RIM blog hacked after company agrees to cooperate with government over rioter data

Apparently in retaliation for this, hackers defaced the official BlackBerry blog and warned of further reprisals in the event that the BBM data was handed over to the police.

Newswire reports say that RIM appears to be treading carefully on the issue, just as it did in the Arab Spring, Infosecurity notes, when it agreed to allow access to its server data to various Middle-Eastern governments after various government's threatened to ban the use of BlackBerry smartphones in their countries.

In a press statement, RIM said: "As in all markets around the world where BlackBerry is available, we cooperate with local telecommunications operators, law enforcement and regulatory officials."

The CNet newswire says that this was enough to trigger a response from a hacktivist group called Team Poison, which subsequently posted a message on RIM's BlackBerry blog and announced on Twitter that it had compromised the site.

“It then fired a warning shot of sorts, threatening to release access to the company's database if RIM shares information that helps the police make arrest”, says the newswire.

“BlackBerry Messenger has emerged as a key – some say the main – communications vehicle for people participating in the riots. A recent study named BlackBerry as the most common handset used by British teens, with some 37% owning one.

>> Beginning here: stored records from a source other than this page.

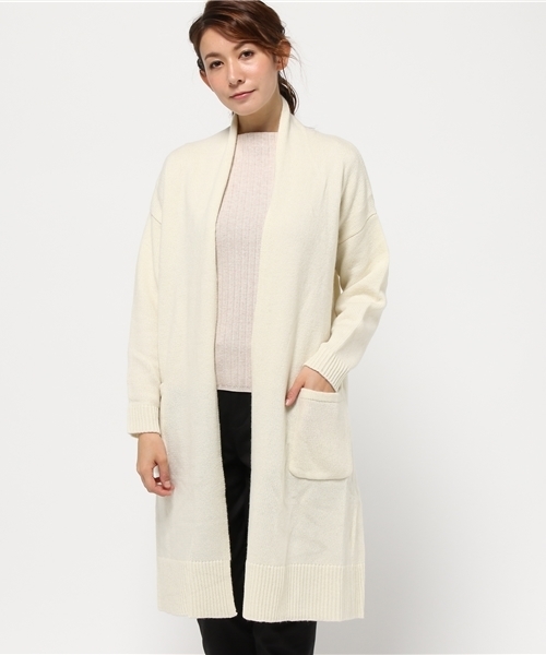 ウール混のソフトなあたたかさが心地よいニットカーディガン。ガウンのように羽織れるボタンレスのきれいなシルエットは前を開けて羽織っても様になり、付属のキルトピンで留めても素敵です。 パンツからスカートまでしっかりと活躍する今季も欠かせないアイテム。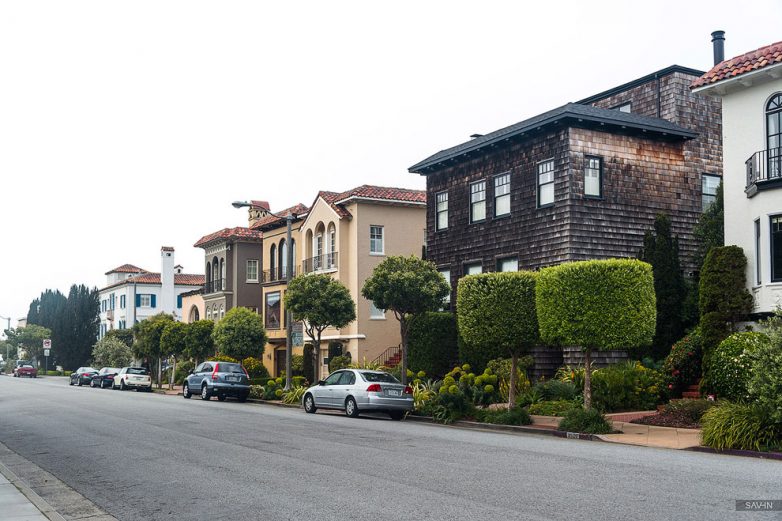 Не сходя с места можно изучить, как меняется архитектура от центра к окраинам города. 2-3 этажа — типичный максимум для жилой застройки в Калифорнии. Климат тёплый, поэтому дома не обязательно строить из камня. Но несмотря на обманчивую солнечность пейзажа, на океанском побережье постоянно дует ветер и даже летом прохладно. Для прогулок обязательно захватывайте ветровку, особенно вечером. Сочетание холодной воды океана и высокой температуры воздуха материковой части Калифорнии приводит к образованию Сан-Францисканского тумана, который летом может обволакивать город (особенно его западную часть, в восточных районах туман менее густой) целыми днями.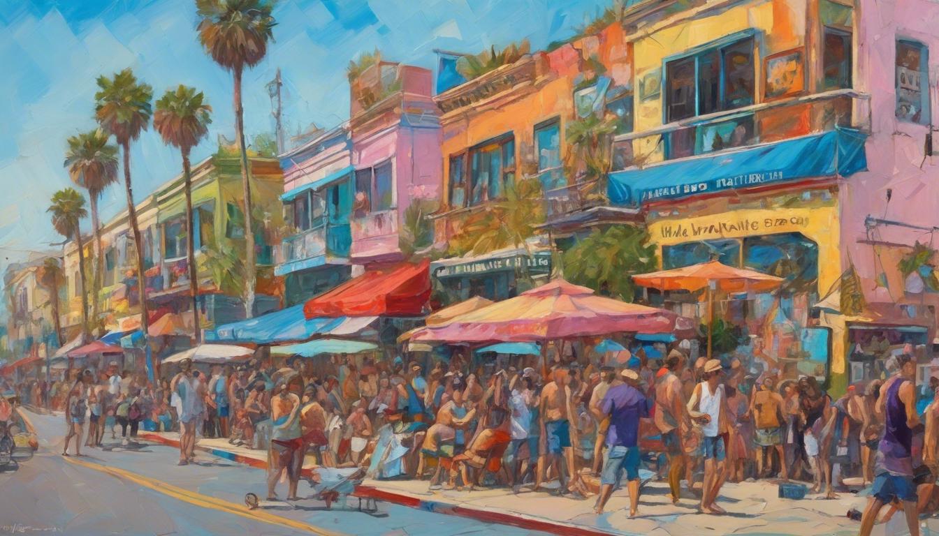 Venice Boardwalk: The Venice Boardwalk is famous for its eclectic mix of street vendors, performers, and artists. It's a sensory overload where you can find everything from tarot card readings to spray paint art.

Unlike Twitter, Facebook, and other social media, messages sent via BlackBerry are encrypted and thus private”, the newswire adds.

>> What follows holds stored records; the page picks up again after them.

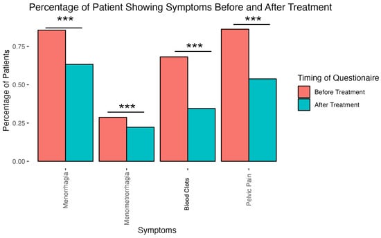 The presence or absence of clinical symptoms captured on the EMR in a binary fashion included menorrhagia, menometrorrhagia, blood clots, and pelvic pain. Resolution of these symptoms post-UAE was statistically significant (p < 0.001) (Figure 6).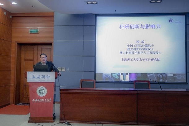 顾敏以《科技创新与影响力》为题,讲述了他的求学经历和工作情况,围绕“科研创新的重要性”“创新领军的要素”“研究生培养中的创新”“工业合作的重要性”“研究在学术界之外产生的多重影响”等方面,讲解了怎么做科研、如何提升影响力。他结合科研团队近年来开展的光学人工智能研究,深入浅出地介绍了人工智能芯片等前沿研究。最后,顾敏寄语我校研究生:追求梦想,永不放弃,立足今天,勇于创新。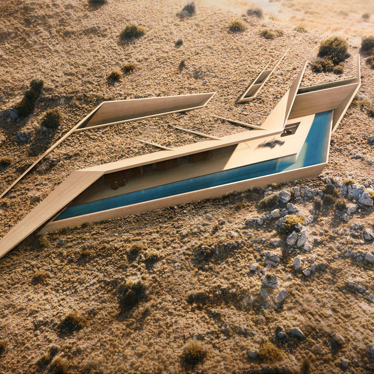 Dividing one building in three separate yposkafa parts aimed at fully incorporating it into its surroundings. The result is an impressive villa that promotes the Cycladic landscape through a modern minimalist aesthetic, achieving its incorporation into the natural landscape.

In parallel with the RIM developments, David Lammy, the MP for Tottenham, has appealed for RIM to suspend its BBM service, tweeting that BBM is one of the reasons why unsophisticated criminals are outfoxing an otherwise sophisticated police force.

"BBM is different as it is encrypted and police can't access it", he said on Twitter.

The MSNBC newswire, meanwhile, quotes Sameet Kanade, an analyst with Northern Securities in Toronto, as saying that RIM will need the directive of the UK authorities and the cooperation of the cellular carriers in order to hand on any BBM data the police.

“Lawful intercept is the only valid legal reason that a carrier and handset vendor can intervene”, he told the newswire, adding that, in terms of actual mechanism, RIM has always claimed that it is unable to de-encrypt/decipher messages routed through the BlackBerry servers.

“It may be able to disable the routing of messages at best, from what I understand."

Geoff Blaber, an analyst with CCS Insight, meanwhile told MSNBC that one option would be to switch BBM off, a procedure that Infosecurity understands would be legal, although might upset its UK user base.